We really want MCP to be a truly open project. Although it was initiated by Anthropic and David and I both work at Anthropic, we don't want it to be seen as just "Anthropic's protocol." We hope that various AI labs and companies can participate or use it. This is very challenging and requires efforts to balance the interests of all parties and avoid falling into the dilemma of "committee decisions causing the project to stagnate." There are many successful management models in the open source field, and I think most of the subtleties revolve around corporate sponsorship and corporate voice in the decision-making process. We will deal with these related issues properly, and we absolutely hope that MCP will eventually become a true community project.
In fact, many non-Anthropic employees already have submission and management rights to MCP code. For example, the Pydantic team has submission rights to the Python SDK; companies such as Block have made many contributions to the specification; SDKs for languages such as Java, C#, and Kotlin are completed by different companies such as Microsoft, JetBrains, and Spring AI, and these teams have full management rights. So, if you look closely, it is actually a large project jointly participated by multiple companies, and many people have contributed to it. It is not just the two of us who have submission rights and related rights to the project.

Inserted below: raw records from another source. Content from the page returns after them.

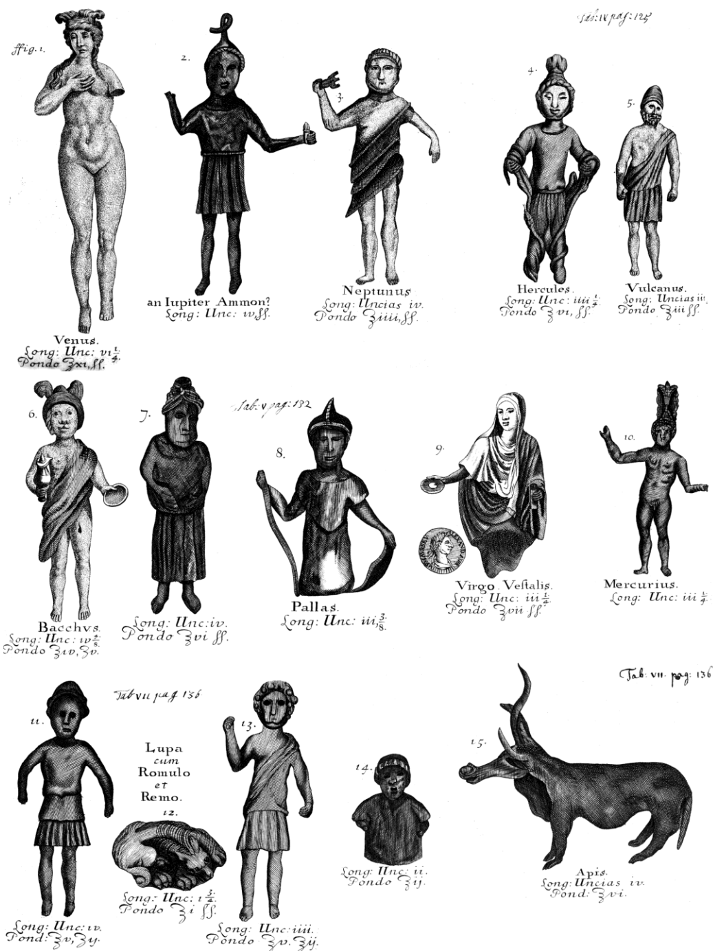
Fig. 2. The Southbroom hoard: Musgrave 1719, tables IV–VII. (Courtesy of the Bodleian Libraries, University of Oxford. Manuscript Gough Somerset 53)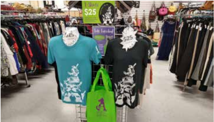
Inside DCHS’s Thrift Store

“I didn’t think I would like volunteering at the Thrift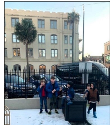
Wesley children enjoying playing in the snow while parents attend the Meaningful Marriage Retreat.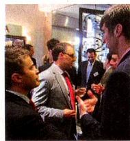
SwissCham EuroMix Eat, Meet & Greet in Sydney and Melbourne 10 & 17 Sept 2014

Book Cover 'Swiss Alps to Antarctic Glaciers', launched at the Swiss Club of Victoria on Sep 11.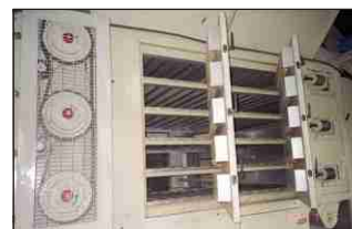
Drive & Tray Circuits

Alessio (moderator): Do you have any particular "wish list" for future MCP servers or clients? Are there any features you particularly want people to build that are not yet implemented?
Justin /David: I'd like to see more clients that support sampling. I'd also like to see someone build some specialized servers, like one that summarizes the content of a Reddit discussion thread, or one that gets the last week's activity for EVE Online. I'd especially like the former to be model-agnostic - not that I don't want to use models other than Claude (because Claude is the best at the moment), but I'd like to see a client framework that supports sampling.
More broadly, it would be great if more clients supported the full MCP specification. We designed it with incremental adoption in mind, and it would be great if these well-thought-out basic concepts could become widely used. Thinking back to my initial motivation for working on MCP, and my excitement about file system servers -
I'm a game developer in my spare time, so I'd love to see an MCP client or server integrated with the Godot engine (which I use to develop games at the time). This would make it easy to integrate AI into my games, or to have Claude run and test my games. For example, let Claude play the Pokémon games. Now there's a foundation for this idea. What about going a step further and having Claude build 3D models for you using Blender from now on?
swyx (host): Honestly, even things like shader code are theoretically possible. It's really beyond my area of expertise. But it's amazing what developers can do when you give them the support and tools. We're planning a "Claude plays Pokémon" hackathon with David Hersh. I hadn't originally planned to incorporate MCP into it, but now it seems like it might be worth considering.